The explanation of inheriting sand box from parent Application seems promising, going to try it later

vkedwardli commented 3 years ago
try interface.associate(to: network, password: password)

When loop to this line, the network for sure is the correct one, but sometime the OS decides to connect to one with strongest signal

I'm having the exact problem

thewade commented 1 year ago

This might be fixed in MacOS 13. In Python I am able to get the BSSID using CoreWLAN after granting location services permissions to Python itself. This same approach was not working for Python in earlier version of MacOS.

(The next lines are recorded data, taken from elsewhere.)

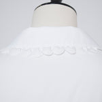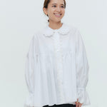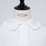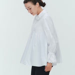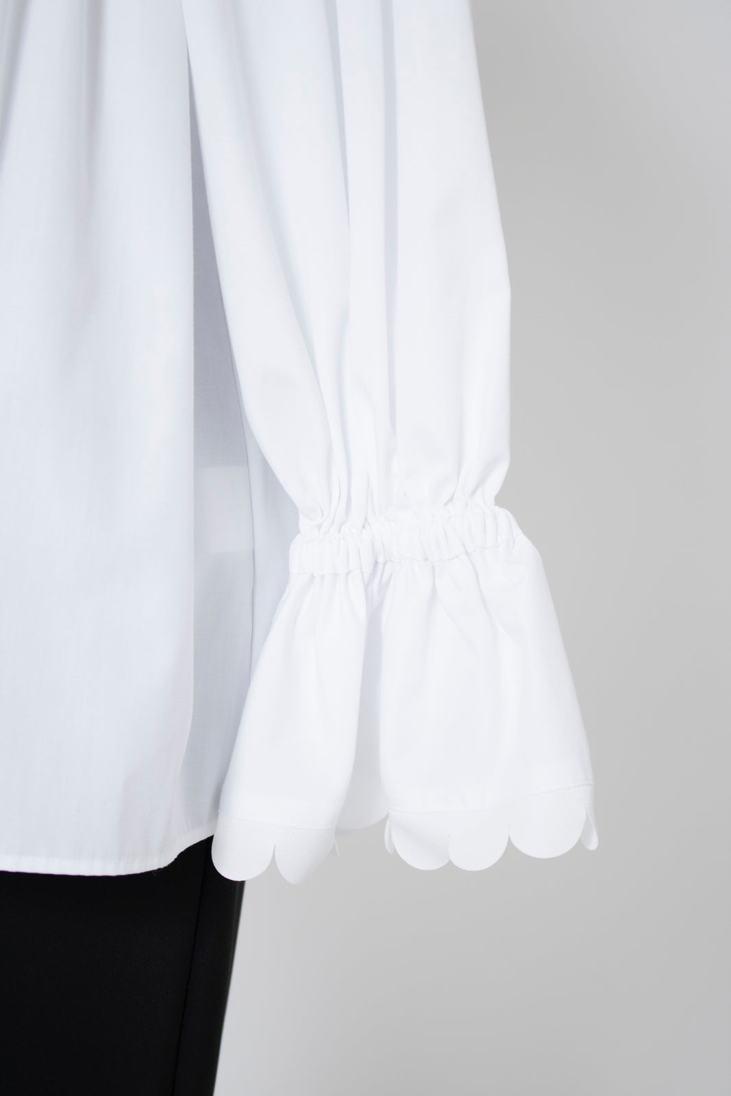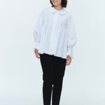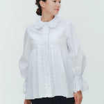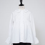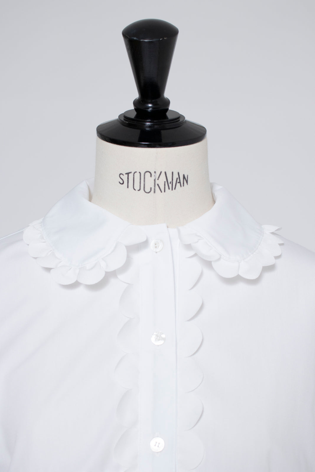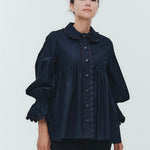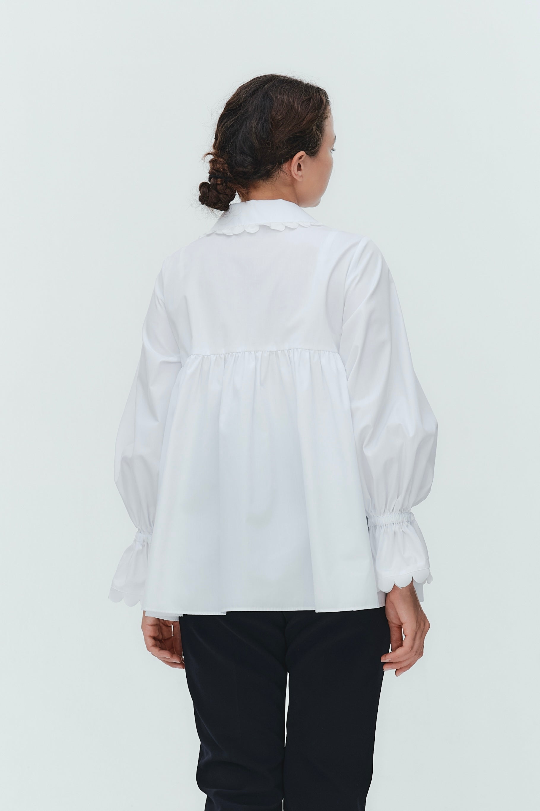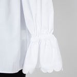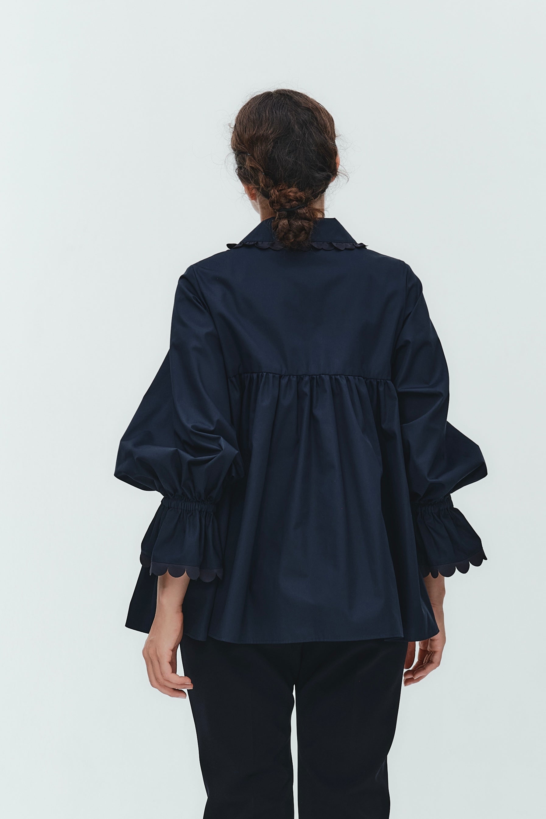 ポリエステル×コットン混紡の高密度な素材を使用。しっかりとしたハリと中肉厚の安心感がありながら、軽やかでふんわりとしたシルエットが楽しめるブラウスです。丸首&丸襟の優しい雰囲気に、襟先と前立て部分には繊細なスカラップ刺繍を施し、フェミニンなディテールをプラス。ボタンにはオリジナルのロゴ入りボタンを使用し、細部までこだわりのある仕上がりに。袖はギャザー入りのパフスリーブで、ゴムギャザーによる程よいボリュームがポイント。アンダーバストにもギャザーを寄せ、横から見たときの立体感あるシルエットがとても魅力的です。ハリ感のある素材だからこそ、ふんわりとした着こなしが叶い、シワにもなりにくいので重ね着やレイヤードスタイルにも最適です。
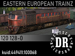 120 128-4 diesel locomotive of East German railways DR, manufactured in Lugansk in 1968, retired in 1992 and sold to Lithuanian Railways LG. State and paintscheme of late 1980s. 3d kilanziom, photos marSt, textures marSt, script RBach. TRS12+. This model was tested in TS19 with fixed light script. Use view details window to control all options of the model including lights, doors and the nightview.
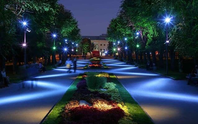 Освещать – значит сделать светлым, направить свет или же изложить, истолковать что-либо. Пишется через букву “е” в середине глагола (связано
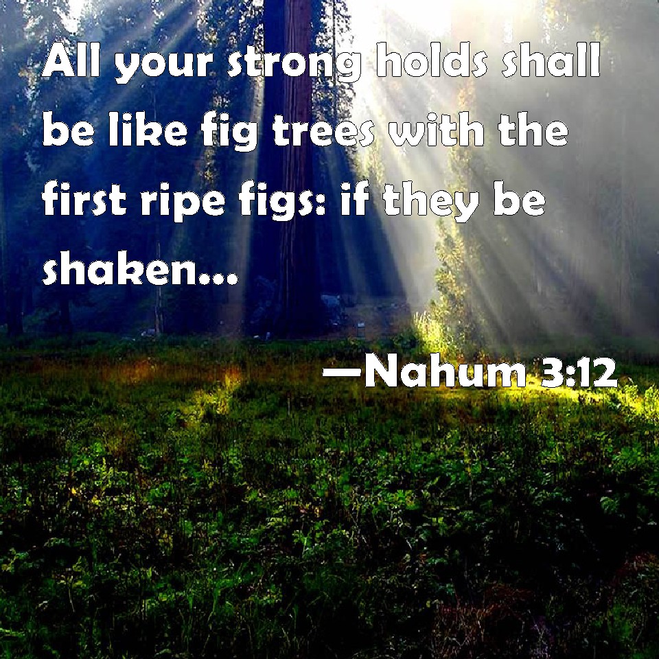 All thy strong holds shall be like fig-trees with the first ripe figs: if they be shaken, they shall even fall into the mouth of the eater.

See this thread for more details: https://github.com/ronaldoussoren/pyobjc/issues/484

Been playing with the Swift code, but I am having trouble getting generate the request for permissions.

edrozenberg commented 8 months ago

Same here, scan shows all blank info (even scanning with sudo), and connecting via ssid + channel always shows Cannot find specified access point. Unfortunately this utility and other methods like Apple's airport utility all fail to let the user do the most basic Fn thing, to be able to connect to a specific BSSID, something which is important in many scenarios such as having to use networks set up by complete morons with multiple AP's with identical names serving different blocks of unbridged IP's. It's Apple's fault, they assume we're all morons who don't need to do things we clearly need to do, because they know better. I'm going to need to start traveling with a Linux machine in addition to or instead of the Mac laptop so I can actually do things without Apple telling me I'm an idiot for needing to do it.